Most modern works on authorship attribution are devoted to an analysis of English texts. However, every year more and more studies appear aimed at analyzing other languages.

The purpose of the work [24] was the verification of the author of opinion pieces in Estonian and extraction unique to each author’s stylistic features. The dataset contained 1474 opinion pieces (editorials, columns, etc.) written by 318 authors. The informative features were: word case, case of the first letter of the word, presence of digits in the word, POS tag frequencies, and verb type. In the first step, all texts encoded the matches of the patterns as bit vectors, where a true bit indicates a match. On the next calculation, the Matthews correlation between all resulting binary vectors was provided. Since the problem was set as a one-class learning problem, a One-Class SVM was chosen as the classifier. As a result, the proposed method had a precision of 74%.
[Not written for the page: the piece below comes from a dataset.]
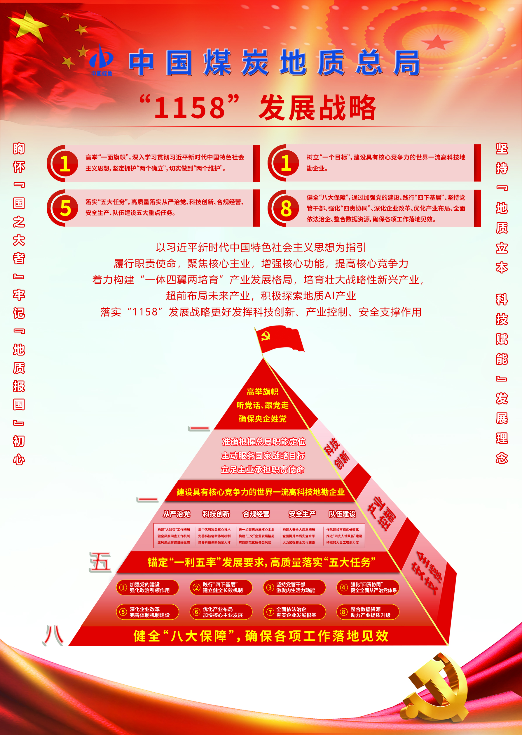 高举“一面旗帜”:深入学习贯彻习近平新时代中国特色社会主义思想,坚定拥护“两个确立”,切实做到“两个维护”。树立“一个目标”:建设具有核心竞争力的世界一流高科技地勘企业。落实“五大任务”:高质量落实从严治党,科技创新、合规经营、安全生产、队伍建设五大重点任务。健全“八大保障”:通过加强党的建设,践行“四下基层”、坚...

Maciej Baj and Tomasz Walkowiak devoted their study [25] to determining the authorship of Polish texts using stylometric features. The authors considered various feature generation methods (grammatical classes frequency, methods based on statistical features, and based on common word appearance). The generated feature sets included the most common and rarest words of the dataset, POS tag frequencies, as well as statistics of character numbers, words, and sentences for each text. The authors noted that Polish is a highly inflected language. Due to that fact, lemmas of words were used. Nine classification methods, including ridge regression, multilayer perceptron, KNN, RF, passive-aggressive, elastic net learned by stochastic gradient descent, Rocchio classifier, NB for multinomial and multivariate Bernoulli models were used. Proposed methods were tested for 105 novels and 1058 short fragments written by five Polish authors. Best accuracies were 79% and 100% for volumetric and short texts, respectively. The most accurate classifiers were stochastic gradient descent in the case of volumetric texts, and ridge regression and NB for multinomial models in the case of text fragments.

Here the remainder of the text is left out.